Serum CS levels were determined in the samples collected at night using an EIA kit (K014-H1, Abor assays, Ann Arbor, USA). The assay has intra- and inter-assay coefficients of variation of 6.3% and 7.5% respectively at a concentration of 2,500 pg/mL, and a limit of detection of 16.9 pg/mL. Serum total osteocalcin and insulin levels were measured in cardiac blood with an Osteocalcin ELISA assay (#60–1305, Immutopics, San Clemente, USA) and Ultrasensitive Mouse Insulin ELISA kit (#90080, Chrystal Chem, Inc, Downers Grove, IL, USA), respectively. The Mouse Osteocalcin ELISA Kit has intra- and inter-assay coefficients of variation of 3.7% and 6.1% respectively at a concentration of 25 ng/mL and a limit of detection of 0.4 ng/mL. The detection limit of the Ultrasensitive Mouse Insulin ELISA kit is 0.05 ng/ml and intra- and inter-assay coefficients of variation are reported to be ≤10.0% All assays were run according to the protocols provided by the manufacturers.

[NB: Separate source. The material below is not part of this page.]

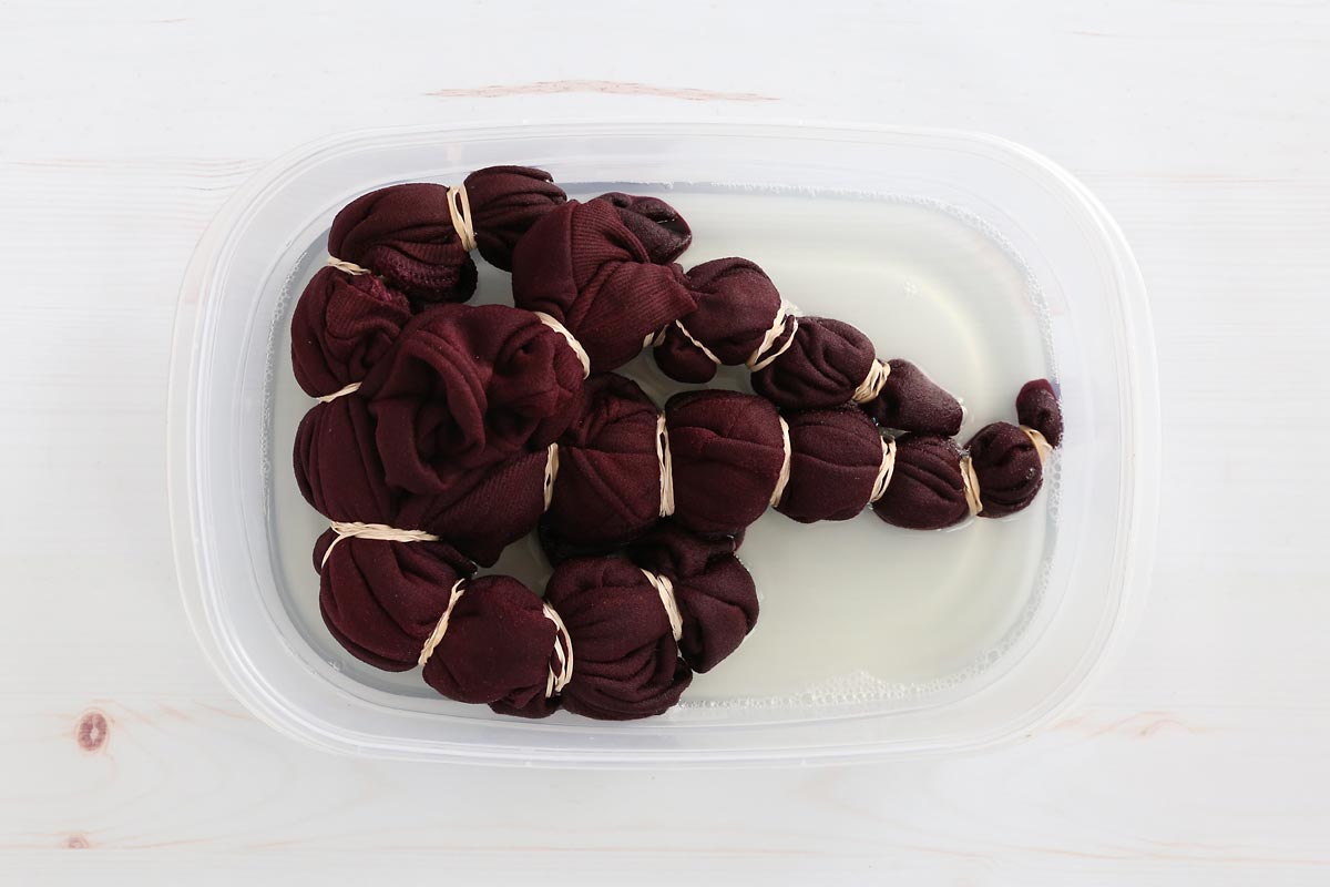 Remember to wrap the rubber bands quite tight. They are what keep some portions of the shirt from getting any bleach. If you don’t wrap the rubber bands very tight, almost all of the shirt will get bleached and you won’t have many darker areas left.

RNA extraction and real-time qPCR

The total RNA was extracted from the tibiae using the RNeasy Plus Universal Mini Kit (73404, Qiagen) according to manufacturer’s protocol. The tibiae were homogenized in a bullet blender in ice-cold QiaZol and with frozen bullets (three 32 mm and two 42 mm bullets). The RNA content was quantified with a NanoDrop. cDNA was synthesized using 1 μg RNA and the High Capacity cDNA Reverse Transcription kit (4368814, Applied Biosystem, Life Technologies). qPCR was performed using the Agilent Mx3005P qPCR System (Agilent Technologies, Santa Clara, CA) in a 20 μl reaction mixture containing 10 μl SYBR Green qPCR Master Mix (QUNT95074-012), 5 μl cDNA sample, 15 pmol of forward and reverse gene-specific primer-pairs (TagC, Denmark), and DNase-free water to a total volume of 20 μl. The specific sequences of the primer sets were: osteocalcin F: GCTCTGTCTCTCTGACCTCACA, osteocalcin R: TAGATGCGTTTGTAGGCGG, rpl13a: F: GGAGGGGCAGGTTCTGGTAT and rpl13a R: TGTTGATGCCTTCACAGCGT. The thermal profile was: initial denaturation at 95 °C for 30 s followed by 40 temperature cycles of 95 °C for 5 s, 60 °C for 15 s, and 72 °C for 10 s. The default cycle threshold (CT) value was used. Fold changes in mRNA expression levels were calculated according to the comparative CT method and normalized using the level of rpl13a mRNA as described previously29.

Micro-computed tomography

Following euthanasia, tibiae were dissected from male mice aged 9–12, 47–50 and 62–66 weeks and fixed for two days in 4% paraformaldehyde/PBS. Micro-computed tomography was performed using a SkyScan 1172 (Bruker, Kontich, Belgium) at 100 keV, 100 μA and 590 ms using a 0.5 mm filter. In total, approximately 940 projections were collected per sample at a resolution of 7.4 μm per pixel. GPU Accelerated NRecon software (SkyScan, Kontich, Belgium) and CTAn software (CTAn1.8, Skyscan) were used for three-dimensional reconstruction and analyses, respectively. Two 1-mm-long regions of bone were analyzed. Trabecular bone was analyzed 0.5 mm distal from the growth plate while cortical bone was analyzed 2.5 mm from the growth plate. The scanning and analysis were performed blinded.

Statistical analyses

All calculations and graphical presentations were performed using GraphPad Prism 7 software (GraphPad Software Inc, La Jolla, USA). The effects of corticosterone and mouse genotype were analyzed by two-way analysis of variance (ANOVA) followed by Tukey’s multiple comparison post hoc test. For the comparison of two genotypes, unpaired two-tailed Student’s t-test was used. Data are presented as means ± S.E.M. and significance level is set at P < 0.05 for all analyses.